Untuk menjawab cercaan itu, Allah kemudian menurunkan ayat yang menjelaskan tentang naskh (perevisian hukum), yakni surat Al-Baqarah ayat 106:
ما ننسخ من آية أو ننسها نأت بخير منها أو مثلها
“Ayat yang Kami batalkan atau Kami hilangkan dari ingatan, pasti Kami ganti dengan yang lebih baik atau yang sebanding dengannya”
Dalam ayat di atas dengan tegas Allah menyatakan bahwa ia memiliki tradisi menghapus hukum dan menggantinya dengan yang baru. Namun perlu kita ingat hukum pengganti tersebut tentunya memiliki kualitas yang lebih baik daripada hukum sebelumnya, atau setidaknya sepadan. Hal ini tentunya karena skenario kehidupan yang dibuat Tuhan itu bersifat progresif.
Tradisi naskh/penghapusan hukum yang terdapat dalam ayat diatas oleh para ulama dipetakan menjadi tiga bagian.
- Naskh tilawah wa hukm (menghapus bacaan dan hukum).
Bagian ini sudah tidak boleh dibaca sebagai Al-Quran lagi dan juga tidak boleh diamalkan. Sebab ayat ini sudah dinasakh secara keseluruhan, baik hukum ataupun bacaannya. Seperti, ayat Tahrim dengan sepuluh kali susuan, sebagaimana yang diriwayatkan oleh Aisyah, “Dahulu ada ayat Al-Quran yang meriwayatkan bahwa, untuk menjadi saudara/i sesusuan butuh sepuluh kali penyusuan. Namun setelah itu ayat ini dinasakh dengan lima kali susuan”.
- Naskh Tilawah wa Baqa hukm (menghapus bacaan dan menetapkan hukumnya)
Bagian ini sebagaimana dikomentari oleh syeikh Zarkasyi dalam kitab Al-Burhan, wajib untuk diamalkan jika memang sudah melewati konsensus untuk ditetapkan hukumnya. Diantara contohnya adalah ayat tentang rajam yang berbunyi:
الشيخ والشيخة إذا زنيا فارجموها
“Orang tua laki-laki dan perempuan jika melakukan zina maka rajamlah keduanya”

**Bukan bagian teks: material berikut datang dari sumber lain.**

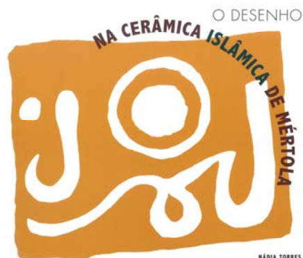
O desenho na cerâmica islâmica de Mértola (2011)

Bagian satu dan dua sangat sedikit jumlahnya dalam Al-Quran, sebab Allah menurunkan Al-Quran untuk dibaca dan diterapkan hukumnya.

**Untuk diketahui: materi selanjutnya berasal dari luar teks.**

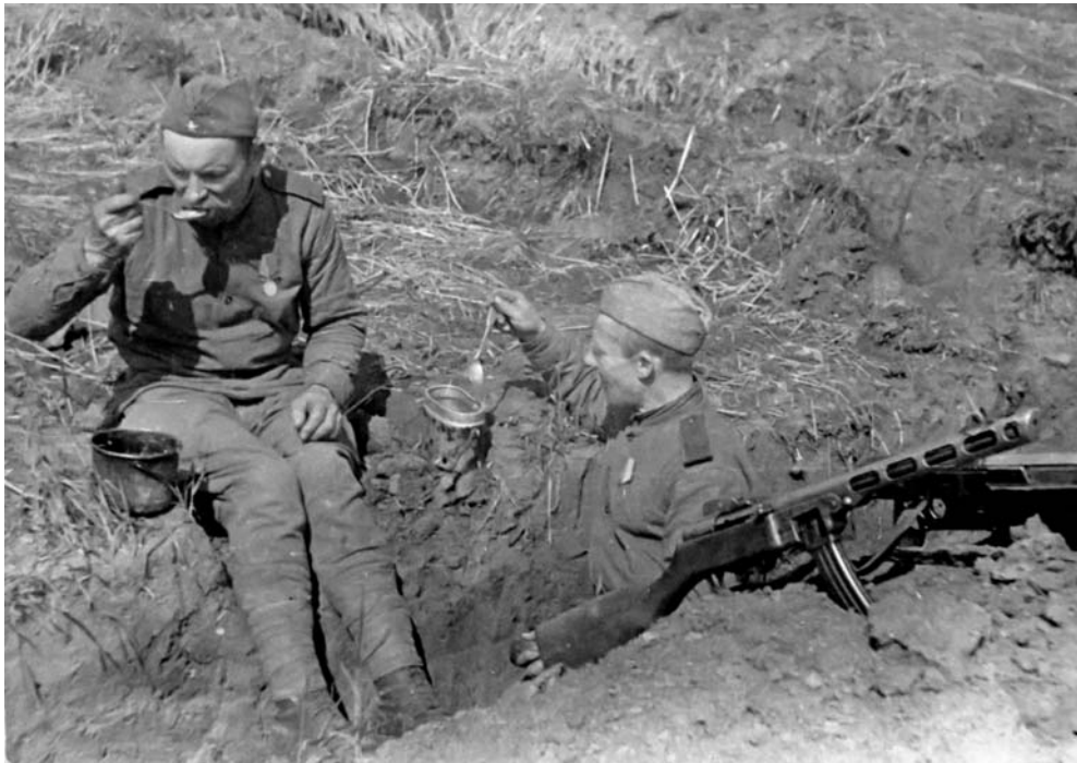
Нехитрая солдатская еда

- Naskh hukm wa baqa’ tilawah (menghapus hukumnya dan menetapkan bacaannya)
Bagian ketiga ini sangat banyak dalam Al-Quran. Salah satu contohnya dalam Al-Quran adalah ayat tentang masa ‘iddah selama setahun yang telah dinaskh hukumnya. Mengenai bagian yang ketiga ini, mungkin ada satu pertanyaan menarik, apa hikmah dari hukum syar’i dihapuskan, tidak diamalkan, namun lafazhnya tetap? Pertanyaan ini terjawab dengan cermat dalam Kitab Rawa’i al-Bayan. Setidaknya ada dua hikmah yang bisa kita ambil:
Pertama, al-Quran disamping dibaca untuk dipahami dan diamalkan hukumnya ia juga dibaca sebagai kalamullah, sehingga pembacanya mendapat pahala. Oleh karena itu, sekalipun hukumnya telah dihapus, tetapi bacaannya masih tetap ada. Kedua, sebagian besar nasakh itu bertujuan meringankan. Oleh karena itu, ditetapkanlah tilawah dari ayat yang telah dihapus hukumnya sebagai pengingat akan nikmat dihapuskannya kesulitan (masyaqqah).

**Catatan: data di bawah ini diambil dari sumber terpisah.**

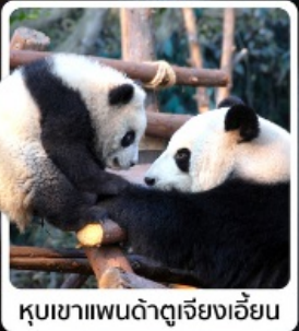
หุบเขาแพนด้าดูเจียงเอี้ยน
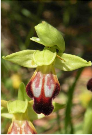
Ophrys des Lupercales ( Ophrys lupercalis Groupe de Ophrys fusca )

Untuk menutup tulisan ini saya kira perlu mengutip komentar Syeikh Ali As-Shabuni. Dalam tafsirnya, Rawaiul Bayan, Syeikh Ali As-Shabuni memberikan sebuah komentar menarik tentang masalah naskh, kenapa hukum yang diturunkan kepada umat Nabi Muhamad masih harus ada naskh lagi, padahal syariatnya telah dianggap menasakh syariat Nabi sebelumnya? Islam sebagai agama yang super komprehensif tentu terlampau modern untuk diterapkan secara serentak. Sehingga perlu sebuah tahapan (tadriji) supaya bisa diterima dengan legowo oleh umatnya. Contohnya dalam masalah khamr. Pada awalnya khamr tidaklah diharamkan, meski sudah tampak jelas ia bisa menghilangkan akal peminumnya. Namun Rasul tidak langsung mengharamkannya, butuh empat tahapan untuk mengharamkannya. Karena jika serta merta langsung diharamkan dikhawatirkan muncul konflik. Semoga tulisan ini bermanfaat bagi kita semua. Amiin.